◆ WHAT THE TASK REQUIRES
In the entries below, repeat only the lines between those holding "Emden hat neben" and "Elegant custom built", inclusive. Leave pictures out.

◆ DATA TO EXAMINE
>>>

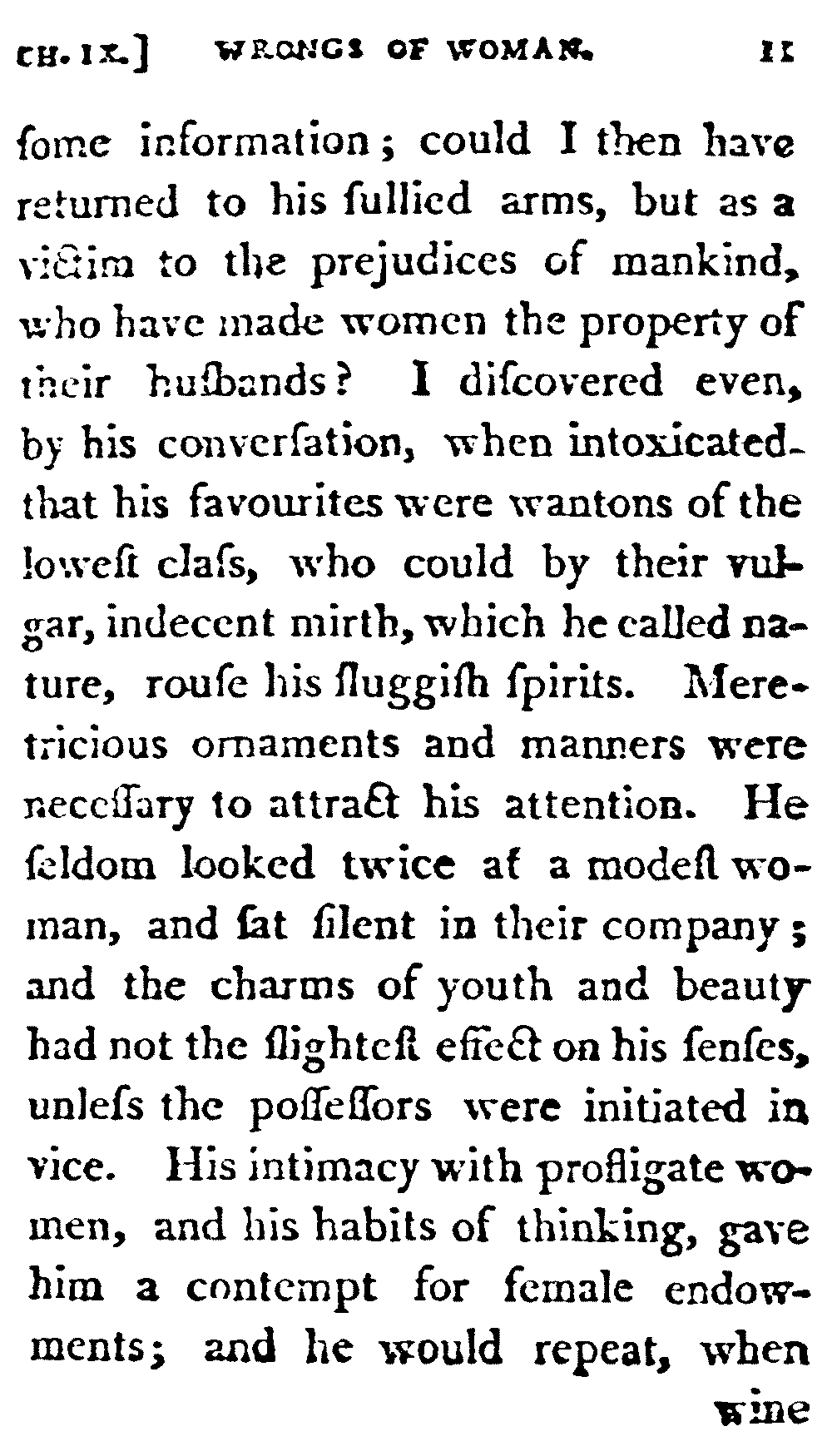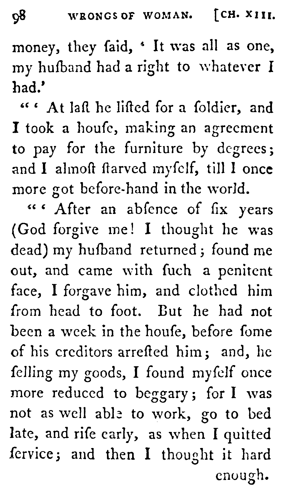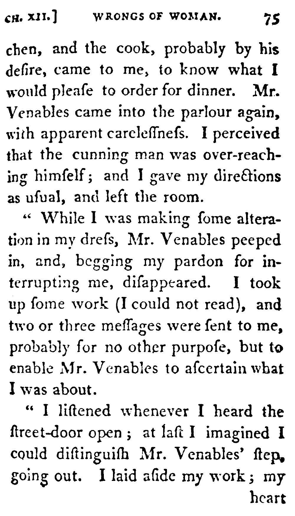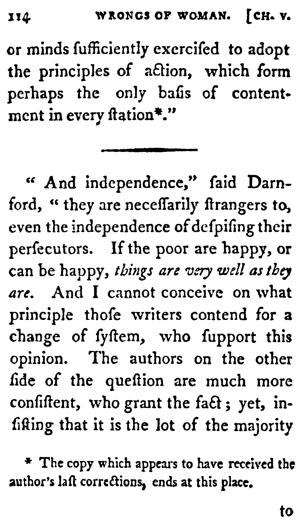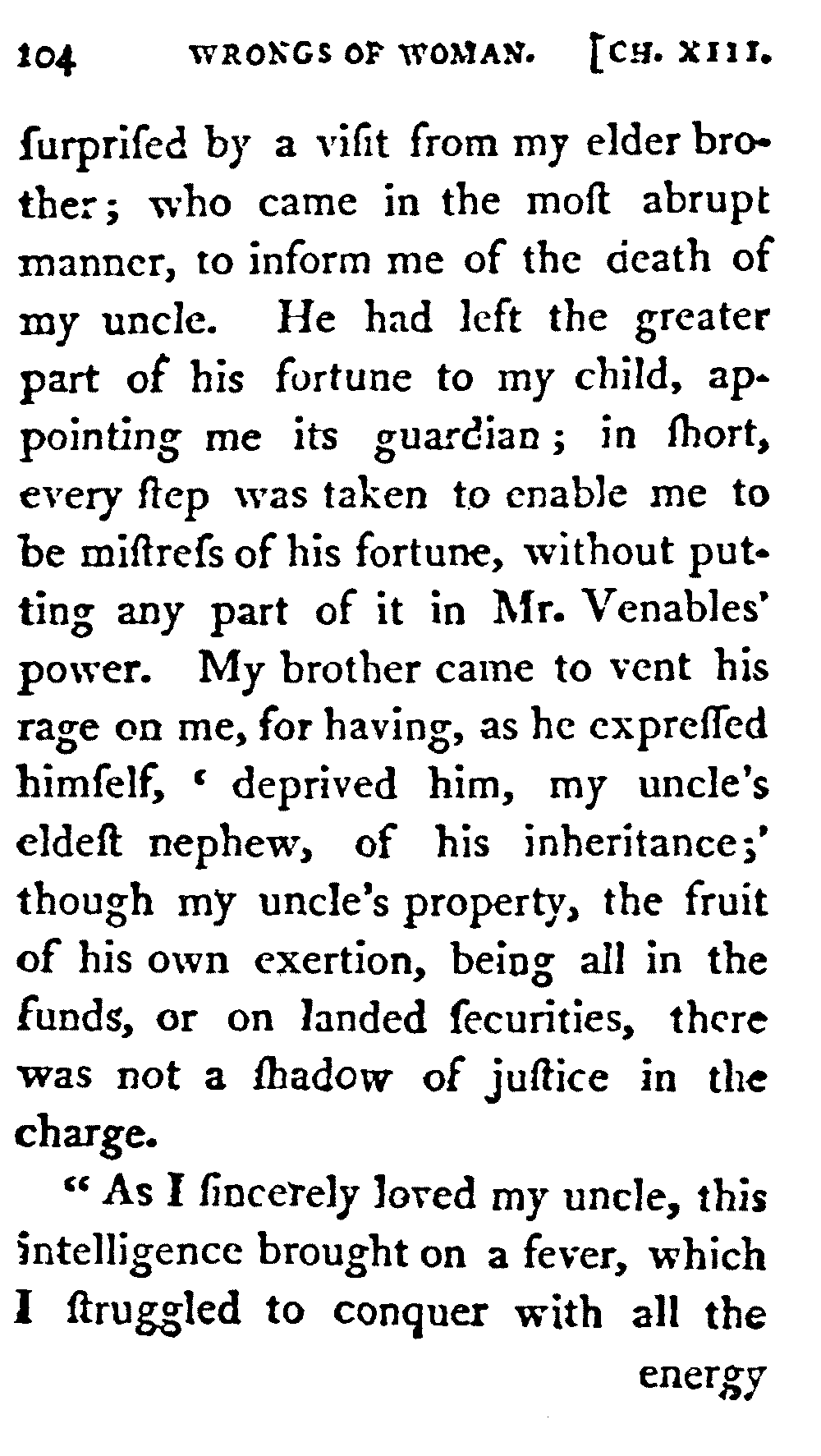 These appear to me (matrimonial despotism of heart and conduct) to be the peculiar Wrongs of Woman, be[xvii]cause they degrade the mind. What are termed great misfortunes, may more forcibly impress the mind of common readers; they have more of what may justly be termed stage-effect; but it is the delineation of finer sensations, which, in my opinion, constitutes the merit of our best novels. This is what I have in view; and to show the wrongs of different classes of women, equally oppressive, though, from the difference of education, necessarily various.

<<<
>>>

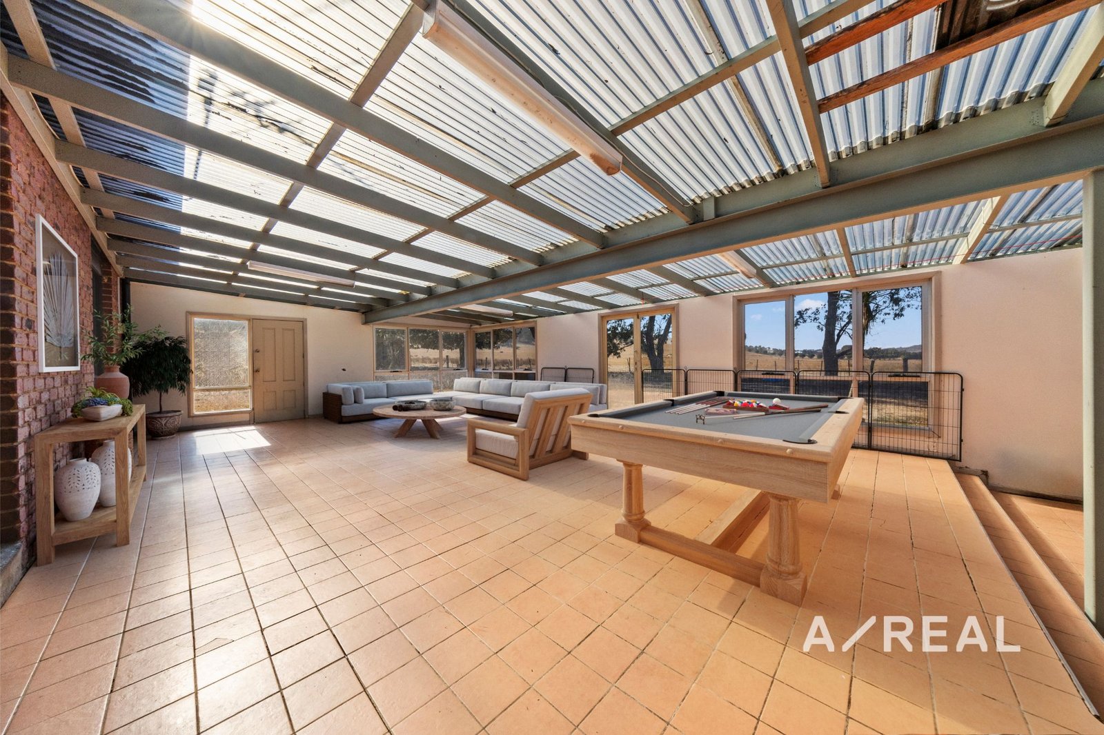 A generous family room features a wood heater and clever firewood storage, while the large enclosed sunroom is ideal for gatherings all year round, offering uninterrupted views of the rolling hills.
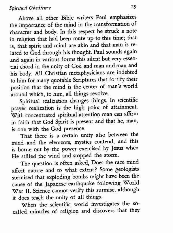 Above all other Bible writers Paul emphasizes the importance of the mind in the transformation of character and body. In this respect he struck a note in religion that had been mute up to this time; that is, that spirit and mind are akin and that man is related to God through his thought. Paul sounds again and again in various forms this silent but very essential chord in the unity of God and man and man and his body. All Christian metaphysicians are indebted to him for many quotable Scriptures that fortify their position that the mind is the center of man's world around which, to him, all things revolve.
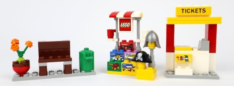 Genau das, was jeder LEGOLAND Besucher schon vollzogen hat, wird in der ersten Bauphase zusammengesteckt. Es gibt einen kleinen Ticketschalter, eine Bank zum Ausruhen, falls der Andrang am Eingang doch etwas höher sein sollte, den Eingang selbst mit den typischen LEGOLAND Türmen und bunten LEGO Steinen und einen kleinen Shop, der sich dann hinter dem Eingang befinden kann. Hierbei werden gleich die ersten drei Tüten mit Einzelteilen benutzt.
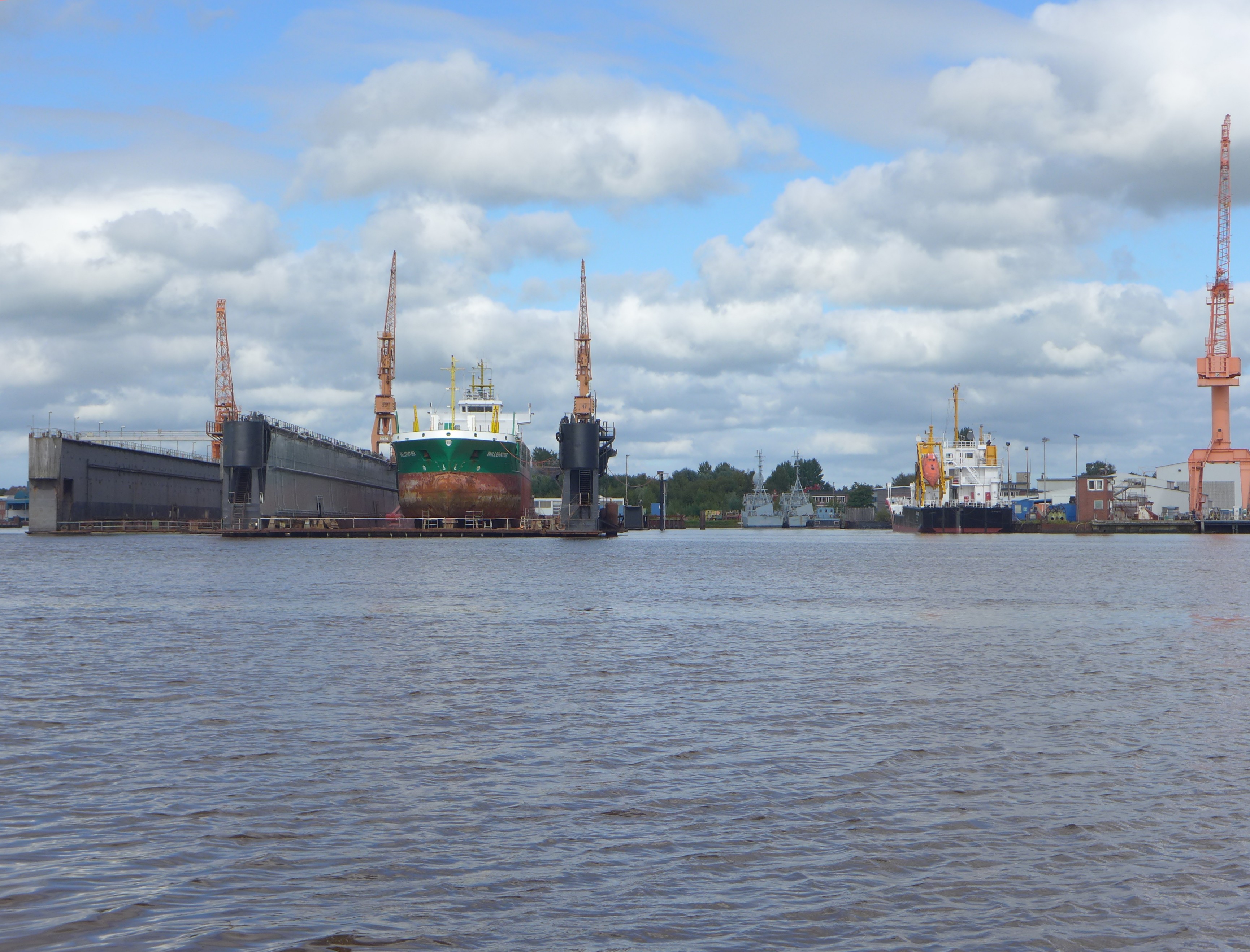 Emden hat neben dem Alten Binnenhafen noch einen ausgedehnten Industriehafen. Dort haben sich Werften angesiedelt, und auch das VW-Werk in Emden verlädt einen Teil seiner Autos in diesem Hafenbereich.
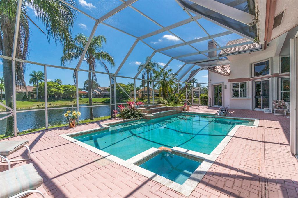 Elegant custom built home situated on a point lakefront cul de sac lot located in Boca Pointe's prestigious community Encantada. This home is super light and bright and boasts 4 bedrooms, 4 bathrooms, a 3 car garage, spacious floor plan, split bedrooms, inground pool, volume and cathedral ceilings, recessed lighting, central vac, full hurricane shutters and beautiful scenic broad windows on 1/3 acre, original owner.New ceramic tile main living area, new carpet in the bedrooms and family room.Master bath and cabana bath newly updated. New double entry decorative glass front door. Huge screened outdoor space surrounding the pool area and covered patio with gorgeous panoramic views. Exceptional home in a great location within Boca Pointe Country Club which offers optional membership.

<<<
>>>

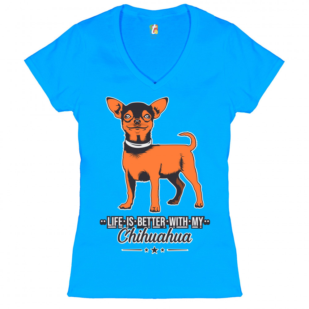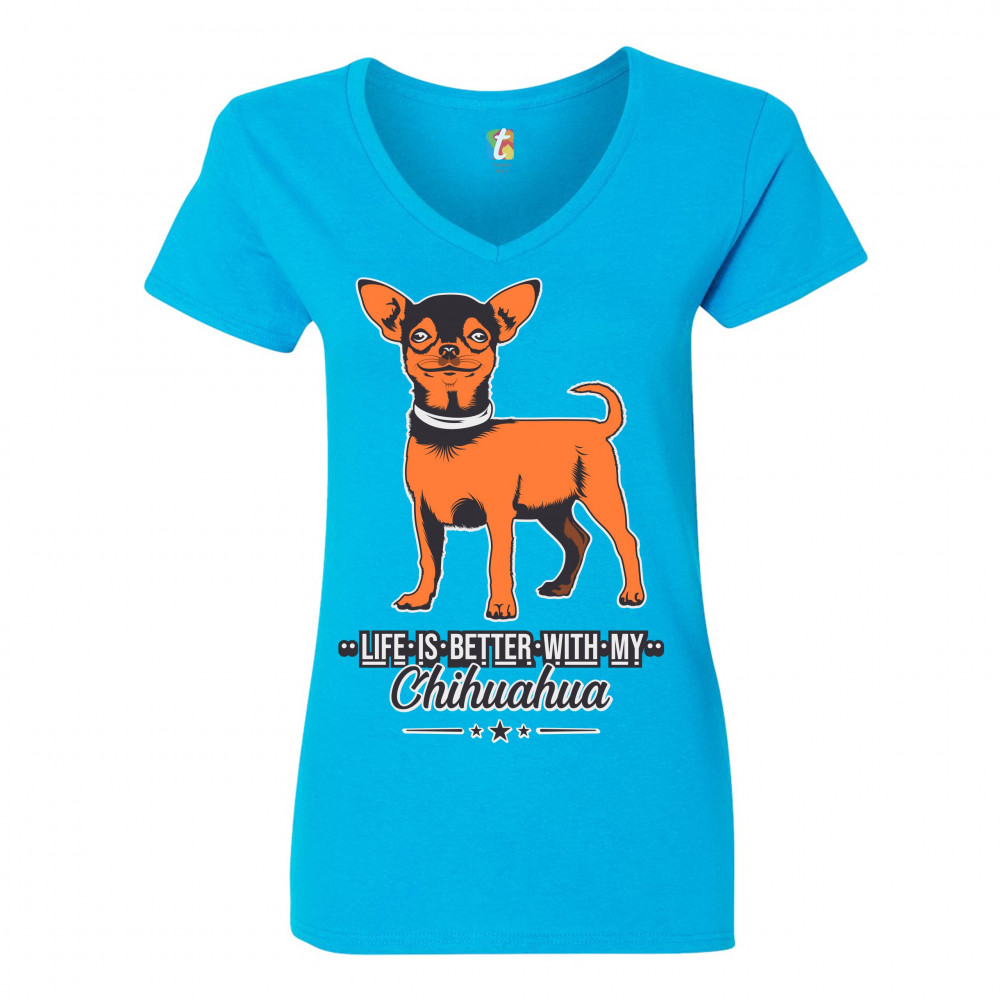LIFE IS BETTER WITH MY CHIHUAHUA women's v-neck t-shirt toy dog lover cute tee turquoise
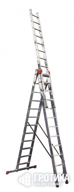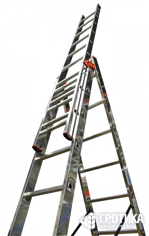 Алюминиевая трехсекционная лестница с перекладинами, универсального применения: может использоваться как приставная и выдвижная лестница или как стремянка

<<<

◆ FINISHED EXERCISE
 Emden hat neben dem Alten Binnenhafen noch einen ausgedehnten Industriehafen. Dort haben sich Werften angesiedelt, und auch das VW-Werk in Emden verlädt einen Teil seiner Autos in diesem Hafenbereich.
 Elegant custom built home situated on a point lakefront cul de sac lot located in Boca Pointe's prestigious community Encantada. This home is super light and bright and boasts 4 bedrooms, 4 bathrooms, a 3 car garage, spacious floor plan, split bedrooms, inground pool, volume and cathedral ceilings, recessed lighting, central vac, full hurricane shutters and beautiful scenic broad windows on 1/3 acre, original owner.New ceramic tile main living area, new carpet in the bedrooms and family room.Master bath and cabana bath newly updated. New double entry decorative glass front door. Huge screened outdoor space surrounding the pool area and covered patio with gorgeous panoramic views. Exceptional home in a great location within Boca Pointe Country Club which offers optional membership.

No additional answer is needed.